Robles wants in the Beaver rotation, and he doesn’t particularly care where.

“I feel like I want to lead this team and be a big part of it,” he said. “I haven’t been able to so far, and it’s been a big frustration.

“I don’t know if I’m going to start, but I’m going to work that way. I’m available.”

He said he isn’t thinking about the draft at all. Far from it. “I’m not really worried,” he said, “If I do my performance, it will work out for itself. I’d rather win a national championship.”

Growing Up Is Hard To Do

Peavey has concentrated on his conditioning, too. He wants his old starting spot back, too.

“I’ve really trained hard in the offseason,” he said. “We all have. Mainly I just wanted to have stronger legs and a stronger core. That’s what it comes down to.

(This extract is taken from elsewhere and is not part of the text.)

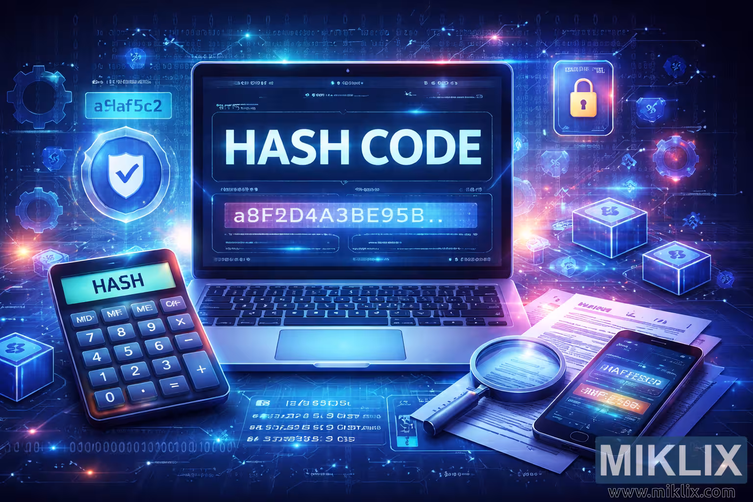 Omkring den bærbare computer er der adskillige komplementære elementer, der forstærker temaet hashing, beregning og digital sikkerhed. I venstre forgrund er en lommeregner vinklet mod beskueren med store, tydeligt definerede knapper og et lille display mærket "HASH", hvilket antyder en specialiseret lommeregner til kryptografiske eller checksum-operationer. Bag den svæver gennemskinnelige grænsefladeelementer i luften, herunder et skjoldikon med et flueben og strømme af binær kode, der symboliserer dataintegritet, verifikation og sikkerhed.
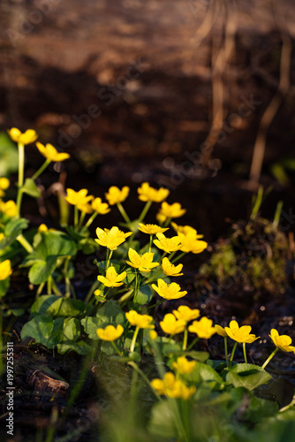Marsh marigolds blooming in a wetland meadow

“I did a lot of running. We run sprints, we run suicides. We’re running one or two miles a day, and at a pretty good pace.”

Peavey, who slipped to the 32nd round as a draft-eligible sophomore last year, feels more mentally ready for this season.

“Mentally, I’ve come a long way. In baseball, once you think you’ve got it, it’s going to kick you right in the butt. It’s just being prepared to accept failure, because it’s going to happen at this level.

“At the same time, you have to be able to minimize it. That’s something I didn’t really learn in high school. At this level you’re going to get kicked in the fanny. It’s how you respond to it.

“These have been huge growing years.”

The way things have changed for Oregon State pitching lately, it would be a good time for Robles and Peavey to start the season fully grown.

Norm Maves Jr. is a freelance writer based in Portland, Ore.